A blend of lavender, rosemary, and peppermint is really refreshing and lasts nicely in CP.
My favorit blend is bergamot and fir needle with a touch of patchouli.


----------



## HowieRoll (Jun 28, 2017)

I'm out of town at the moment and don't have access to my notes, but a popular blend among my friends and family involves lemongrass, peppermint, and spearmint.  If I recall correctly (and it's possible I am mis-remembering), it's 50% lemongrass, 25% peppermint, and 25% spearmint (but 50% lemongrass and 50% peppermint would work, too).  It's simple, refreshing, and the lemongrass and mints are both "loud" scents so neither one seems to cancel the other out - they both just fight for top billing in the nose.

As for the lavender/mint blend, I agree with dibbles to go easy on the mint or you will have a MINT soap with a teeeeeny-tiny backdrop of lavender.  Without my notes I can't remember what proportion of each I use, but dibbles suggestion of 4 parts lavender (80%) and 1 part mint (20%) sounds like about what I may have done.


----------



## Zany_in_CO (Jun 29, 2017)

SgtSluggo said:


> I don't have any fragrances at all and plan on making mostly fragrance free soap for my family but would like to have a basic clean smelling fragrance...



MMS (Majestic Mountain Sage) in Utah:  www.thesage.com
Use their fragrance calculator to determine use rate for EOs & FOs too. 
These are some I would consider clean, gender neutral, and classic favorites.

Coconut Lime Verbena
Juniper Breeze
Lemon Verbena
Sap Moss
Tahitian Vanilla


----------



## fuzz-juzz (Jun 29, 2017)

OHM by BB smells like play dough. 
Same with WSP version.
BB has some lovely FOs but I personally think OHM isn't one of them. :silent:
But I have super-taster tendencies and like someone mentioned above, sense of smell is such an individual thing.
Am a yet to find honey or oatmeal soap that doesn't smell like play dough.

I haven't tried many new BB FOs in the past few years but I gave them a go again and found few really nice ones.
Green fig and Grapefruit Bellini both have such a really nice refreshing scent and last well in CP.
Kumquat is one of my old favorites.
Although Kumquat and Energy are quite similar (at least to me lol) I just can't stand Energy.
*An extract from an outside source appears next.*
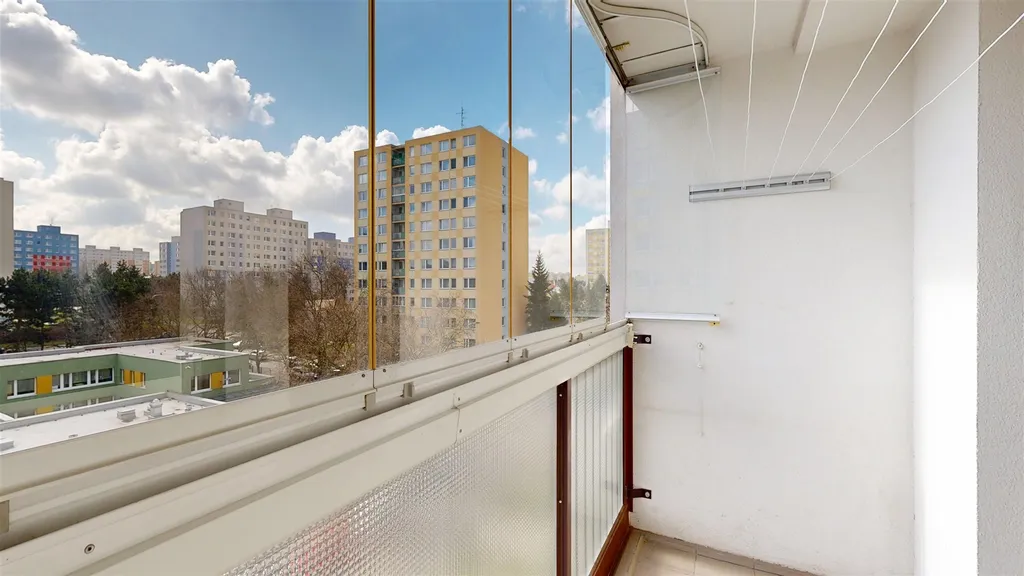 Součástí bytu je prosklená lodžie o výměře 5,5 m², která příjemně rozšiřuje obytný prostor a nabízí možnost celoročního využití. K bytu dále náleží také sklepní kóje o velikosti 1 m².

It is loved by so many, but to me it's this nauseating, chemical smelling stuff. I hated it so much that I had to throw a whole batch of soap into the rubbish, I just couldn't stand it in my curing room. 

And from NG, I really like Clean (type), fresh, crisp cotton-y scent, Alien, a bit weird, but fresh and long lasting, lovely after a long cure.
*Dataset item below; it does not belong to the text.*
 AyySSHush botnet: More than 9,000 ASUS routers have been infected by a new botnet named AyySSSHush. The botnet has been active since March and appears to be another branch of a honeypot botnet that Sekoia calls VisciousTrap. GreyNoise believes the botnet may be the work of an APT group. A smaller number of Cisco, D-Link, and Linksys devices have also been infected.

As for the plain scent, I like vanilla, just plain vanilla, I tried many versions, they are all similar. it can be mixed with anything and fix some FOs that are bit meh (but not BB Energy though lol).

And always test, with new FOs, there's nothing worse than ending up with a 1kg batch soap smelling like something you don't like.


----------



## dixiedragon (Jun 29, 2017)

The Sage has an Amazing Dozen - free shipping one 1 dozen 1 oz bottles. It can be anything in a 1 oz bottle - FOs, EOs, flavors, etc. That would be a good way to try stuff.
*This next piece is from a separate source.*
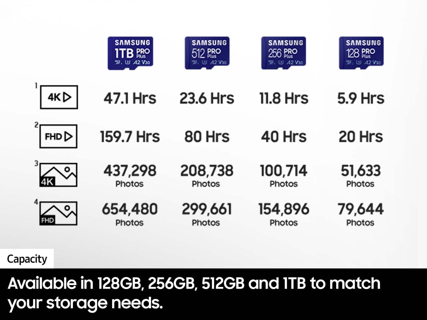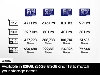 Details: Your new go-to card + adapter combo, the Micro SD PRO Plus + Adapter makes capturing seamless 4K video¹ on compatible phones or drones a breeze. Plus, the expanded storage provides you the freedom to play more high-performance and intensive games on your tablet or gaming device. It’s all the extra space you need from a brand you can count on.¹Requires a compatible phone or drone capable of filming 4K video. ²Comparisions based on 2021 PRO Plus microSD models. ³The foregoing read & write speed performance is based on testing of 512GB capacity under standard conditions. Actual speeds may vary depending upon card capacity. ⁴Stated performance is achieved by using PRO Plus microSD cards with Samsung readers. ⁵Test Device: Samsung Note Ultra. 64K Video (3840*2160) 30fps (Video size 30Min 7.93 GB). ⁷FHD Video (1920*1080) 30fps (Video size 30Min 2.95 GB). ⁸Image 4000*3000 (Avg Pic size 2.36 MB). ⁹Image 4000*1868 (Avg Pic size 1.81 MB). ¹⁰Waterproof: withstand up to 72 hours in seawater. ¹¹Temperature proof: operating temperatures of -25 C to 85 C; non-operating temperatures of -40 C to 85 C. ¹²X-Ray Proof: up to 100mGy, equal to airport X-ray machines. ¹³Magnetic-Proof up to 15,000 gauss, or the magnetic field equivalent of a high-field MRI. ¹⁴Drop: withstand drops up to 5 meters (16.4 feet). ¹⁵Wearout: up to 10,000 swipes. ¹⁶Proofs are for the microSD card and do not include the adapter. ¹⁷Samsung is not liable for any damages and/or loss of data or expenses incurred from memory card data recovery. ¹⁸Source: 2003-2022 Q3 OMDIA data: NAND suppliers’ revenue market share.

Energy from BB is another example - it's very very popular but I actually dislike it a lot. Like weird gross off-brand Tang.


----------



## earlene (Jun 29, 2017)

BrewerGeorge said:


> What about BB's Energy?  I've never tried it, but I've heard a lot of good things.



I find Energy to be rather overpowering and quite strong.  It actually gives me headaches, it is so strong.


----------



## DeeAnna (Jun 29, 2017)

Lavender EO is always a good basic scent and many people like it. It lends itself to blending -- For example, add a small amount of mint and you've got a sweet minty scent. Add a moderate amount of rosemary and you get a clean, sweet herbaceous fragrance. 

Just a caution -- If you use lavender EO, buy only as much as you will use in a reasonable amount of time and store it in the fridge. Lavender EO is prone to oxidizing as it ages. The oxidized EO can cause overall rancidity to develop in soap. I don't mean this to deter anyone from using lavender EO -- it's a relatively safe EO with many benefits, and it's one of my favorites.


----------



## anjouwu (Jul 2, 2017)

BrewerGeorge said:


> What about BB's Energy?  I've never tried it, but I've heard a lot of good things.





It's controversial. You're right that it has fans, but I'm in the group of people who are old enough to remember Tang and that's what I think my Energy-scented cured bars smell like.


----------



## Cindy2428 (Jul 3, 2017)

Another EO for a lighter scent would be lemongrass - relatively inexpensive and clean. Someone mentioned Satsuma Orange from Nurture Soap; also very nice; does not turn into cleaning chemical smell. Another clean one is Avobath; a good unisex citrus scent.


----------



## Kamahido (Jul 3, 2017)

I like Apricot Freesia from Brambleberry myself.


----------